= Kelly's Eye =

Kelly's Eye is a British adventure comic strip. It first appeared in Knockout in 1962, moved to Valiant in 1963, and lasted until sometime in 1974. The strip was revived in 2000 AD in 1991–1993. Tim Kelly possesses a jewel, the Eye of Everlasting Life, which protects him from death by granting him invulnerability.

== Publication history ==
Kelly’s Eye was published in Knockout from 21 July 1962 to 16 February 1963, and in Valiant (which absorbed Knockout) from 23 February 1963 to 18 May 1974. Scripts were by Tom Tully and the art was initially by Francisco Solano López. From 20 October 1962, Tom Kerr took over the art chores until the penultimate issue of Knockout, with Mike Western filling-in for the final issue. Following the merger with Valiant, the art was once more largely by Solano López, although Tom Kerr filled-in on several occasions. A number of the strips were subsequently reprinted in Vulcan in 1975–1976.
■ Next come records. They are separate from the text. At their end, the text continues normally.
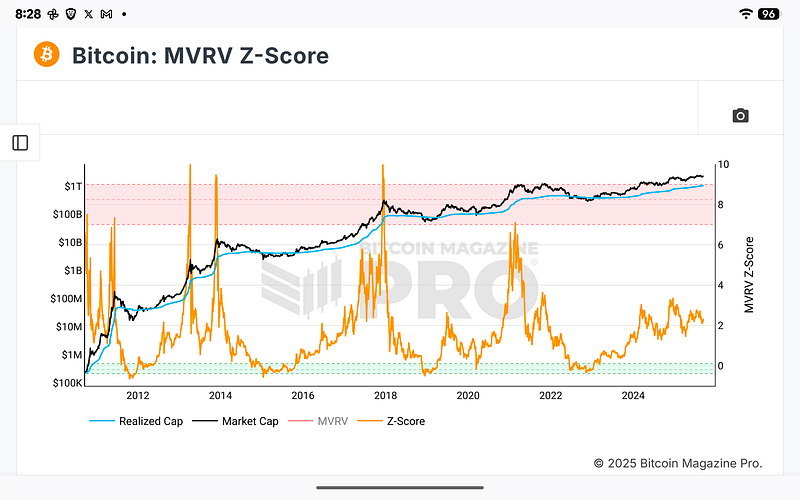 The MVRV Z-Score remains well below its danger zone. Historically, blow-off tops occur when this metric crosses into the red band (~Z > 7.0). We are currently closer to 2.5–3.0.
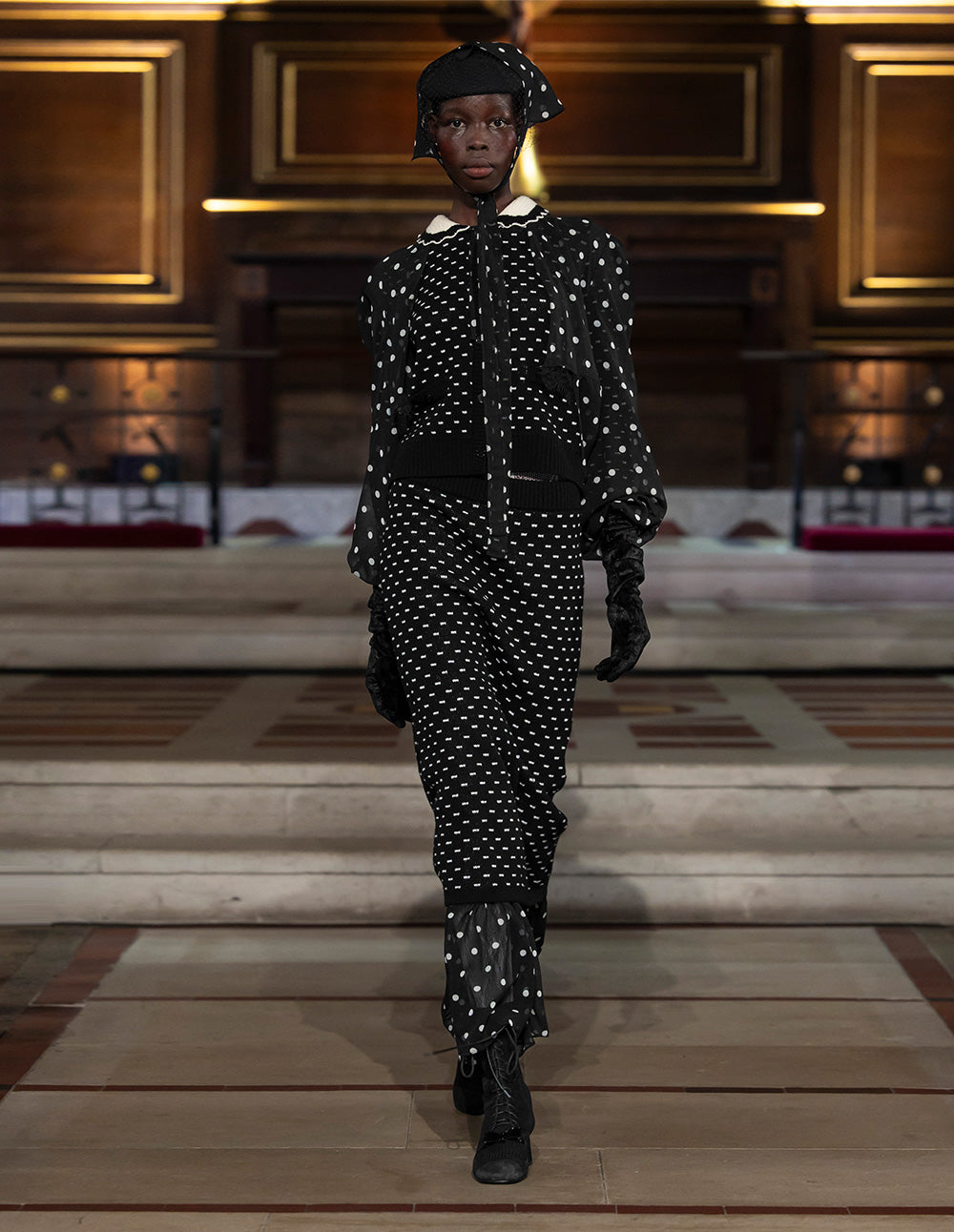 A classic black base is sprinkled with romantic white polka dots for timeless vintage appeal. A half‑open white round neck frames the face, while contrast cuffs complete the playful yet polished look. Wear it alone for sleek style, or layer it for depth—pair it with a high‑waisted skirt or jeans for effortless French‑inspired retro chic.
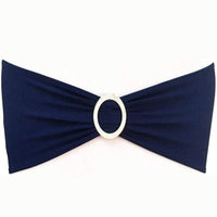Sinssowl Pack Of 50Pcs Elastic Slider Chair Sashes Spandex Chair Cover Band Bows For Wedding Decoration-Navy Blue
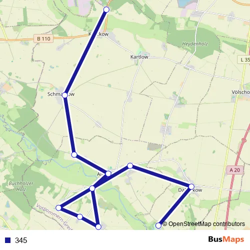 The first stop of the 345 bus route is Tutow Dorf and the last stop is Wietzow. 345 is operational during an Werktagen.
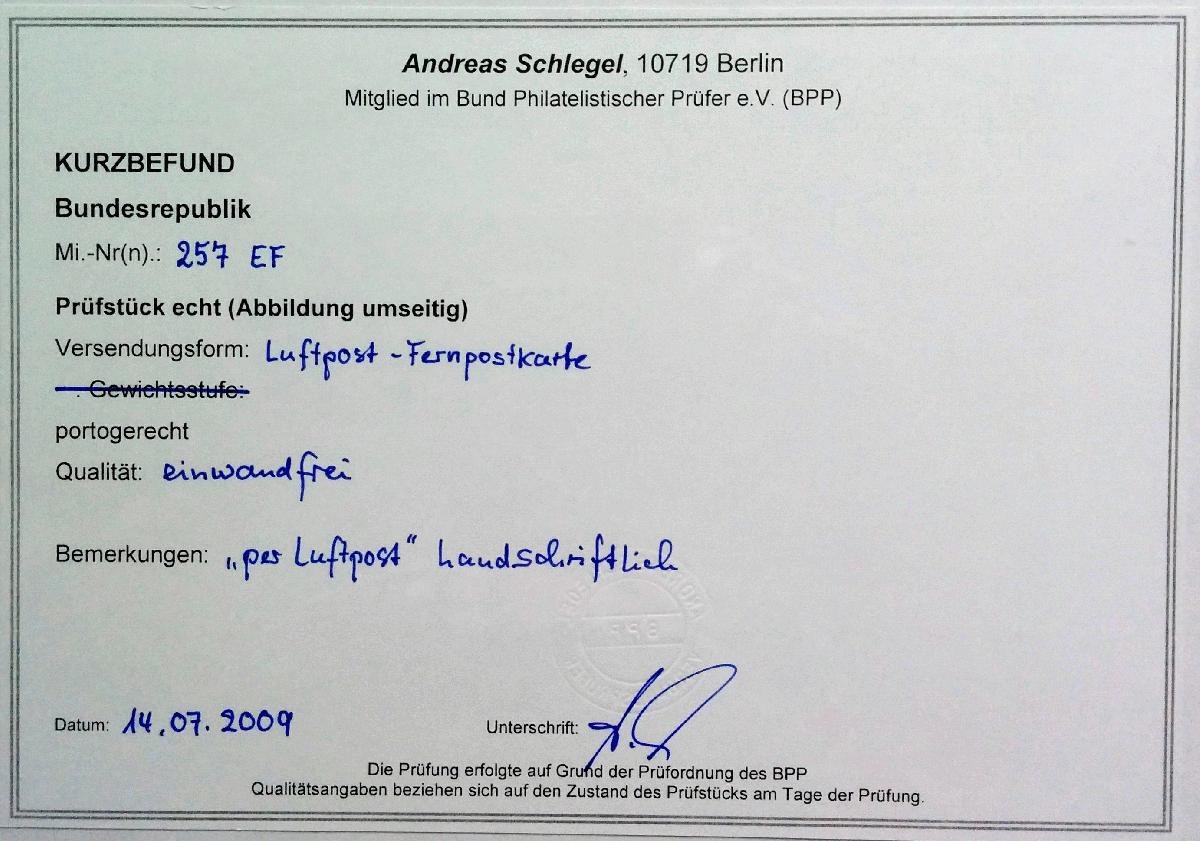 | Prüfer: | Schlegel, Andreas (BPP (Bund Philatelistischer Prüfer)) |
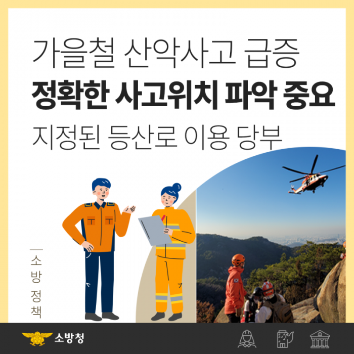 이에 따라 안전한 가을 산행을 위해 ▲산행 전 기상정보 확인 및 2인 이상 산행 ▲일몰 전 하산 ▲등산 전 가벼운 스트레칭 ▲일교차 대비 겉옷 준비 ▲지정된 등산로 활용 ▲등산로 안내판 및 산악위치 표지판 파악 등을 지켜달라고 당부했다.

In 1991, the character was revived by the creative team of Alan McKenzie, Brett Ewins, and Zac Sandler, in 2000 AD's Universal Soldier strip, running until 1993, when the publishers realised they no longer had the IPC rights to the character. Before then, in April 1992, a 2000 AD Action Special featured six strips reviving classic British comics characters; of these only Kelly's Eye also had appeared in 2000 AD proper.

In the 2005–2006 limited series Albion, the Eye of Zoltec is shown to have been in the possession of the British Prime Minister since the time of Margaret Thatcher.

== Fictional character biography ==
Englishman Tim Kelly was in South America to claim a fortune left by a deceased uncle. He saves the life of an old man, who in gratitude takes him to the Temple of Zoltec, where Kelly receives the gem known as the Eye of Everlasting Life or the "Eye of Zoltec". As long as Kelly wears the gem around his neck, he has superhuman powers, including invulnerability and certain mental powers (including total recall).

Kelly uses his powers to become an adventuring hero, some of which involve battling his arch-enemy, Diablo, wielder of his gem's twin, the "Left Eye of Zoltec".

Later, Kelly is joined by Doctor Diamond, an Edwardian frock coat-wearing inventor who journeys through time and space with the aid of his "Time Clock".

== In popular culture ==
An analogue of Tim Kelly, "Tom Rosetta", owner of the "Rosetta Stone", is one of the characters killed by The Fury during Alan Moore and Alan Davis' run on Captain Britain.

Similarly, Helen Morgan of Paul Grist's Jack Staff series wears the "Valiant Stone" around her neck, which grants her similar powers to Kelly.